[Start of section]

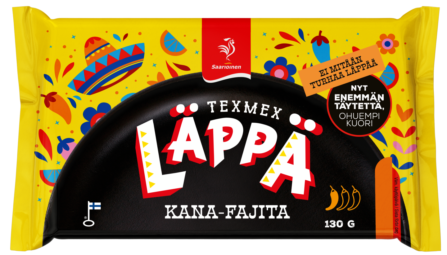 Koska hyvät LÄPÄT maistuvat aina! Tämän Texmex fajitamausteisen kanaläpän täytimme raikkaalla tomaattikastikkeella ja mehevän mausteisella kanatäytteellä, joka sisältää paahdettuja broilerkuutioita, tomaattia, sipulia ja runsaasti aromikasta cheddarjuustoa. Läpän kuoritaikina on tuttua perinteisesti hiivalla kohotettua pizzataikinaa, jonka rikastimme maissijauholla sekä paistoimme pizzauunissa ihanan paahteiseksi. Saarioinen on Suomen luotetuin valmisruokamerkki.
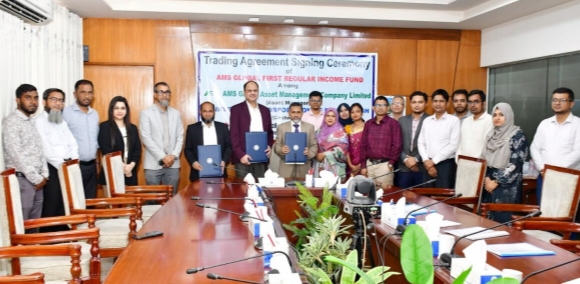 বাংলাদেশ সিকিউরিটিজ অ্যান্ড এক্সচেঞ্জ কমিশন (মিউচ্যুয়াল ফান্ড) বিধিমালা-২০২৫ অনুযায়ী “এএমএস গ্লোবাল ফার্স্ট রেগুলার ইনকাম ফান্ড”এর সিকিউরিটিজ লেনদেন পরিচালনার জন্য ২১ এপ্রিল ২০২৬ তারিখে আইসিবি’র প্রধান কার্যালয়ের বোর্ড রুমে ইনভেস্টমেন্ট কর্পোরেশন অব বাংলাদেশ (কাস্টডিয়ান), এএমএস গ্লোবাল অ্যাসেট ম্যানেজমেন্ট কোম্পানি লিমিটেড (সম্পদ ব্যবস্থাপক) এবং ইউসিবি স্টক ব্রোকারেজ লিমিটেড (ব্রোকারেজ হাউস) এর মধ্যে একটি ত্রি-পক্ষীয় ট্রেডিং চুক্তি স্বাক্ষরিত হয়।
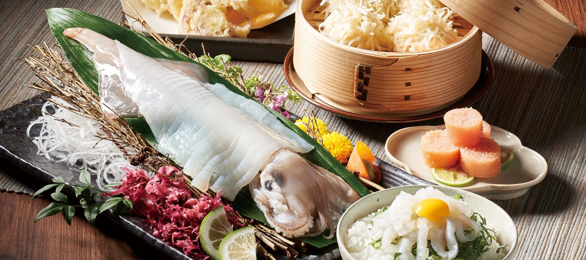 ①いかの活き造りを鮮度そのままに贅沢にお届け
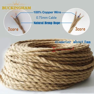 Cabo Cânhamo Vintage Trançada Cabo Flexível, Fio Elétrico 250V

[End of section]

# [PROMPT]
From the first line to the last, repeat the material exactly, but drop the pictures.

# [ANSWER TO THIS EXERCISE]
 Koska hyvät LÄPÄT maistuvat aina! Tämän Texmex fajitamausteisen kanaläpän täytimme raikkaalla tomaattikastikkeella ja mehevän mausteisella kanatäytteellä, joka sisältää paahdettuja broilerkuutioita, tomaattia, sipulia ja runsaasti aromikasta cheddarjuustoa. Läpän kuoritaikina on tuttua perinteisesti hiivalla kohotettua pizzataikinaa, jonka rikastimme maissijauholla sekä paistoimme pizzauunissa ihanan paahteiseksi. Saarioinen on Suomen luotetuin valmisruokamerkki.
 বাংলাদেশ সিকিউরিটিজ অ্যান্ড এক্সচেঞ্জ কমিশন (মিউচ্যুয়াল ফান্ড) বিধিমালা-২০২৫ অনুযায়ী “এএমএস গ্লোবাল ফার্স্ট রেগুলার ইনকাম ফান্ড”এর সিকিউরিটিজ লেনদেন পরিচালনার জন্য ২১ এপ্রিল ২০২৬ তারিখে আইসিবি’র প্রধান কার্যালয়ের বোর্ড রুমে ইনভেস্টমেন্ট কর্পোরেশন অব বাংলাদেশ (কাস্টডিয়ান), এএমএস গ্লোবাল অ্যাসেট ম্যানেজমেন্ট কোম্পানি লিমিটেড (সম্পদ ব্যবস্থাপক) এবং ইউসিবি স্টক ব্রোকারেজ লিমিটেড (ব্রোকারেজ হাউস) এর মধ্যে একটি ত্রি-পক্ষীয় ট্রেডিং চুক্তি স্বাক্ষরিত হয়।
 ①いかの活き造りを鮮度そのままに贅沢にお届け
 Cabo Cânhamo Vintage Trançada Cabo Flexível, Fio Elétrico 250V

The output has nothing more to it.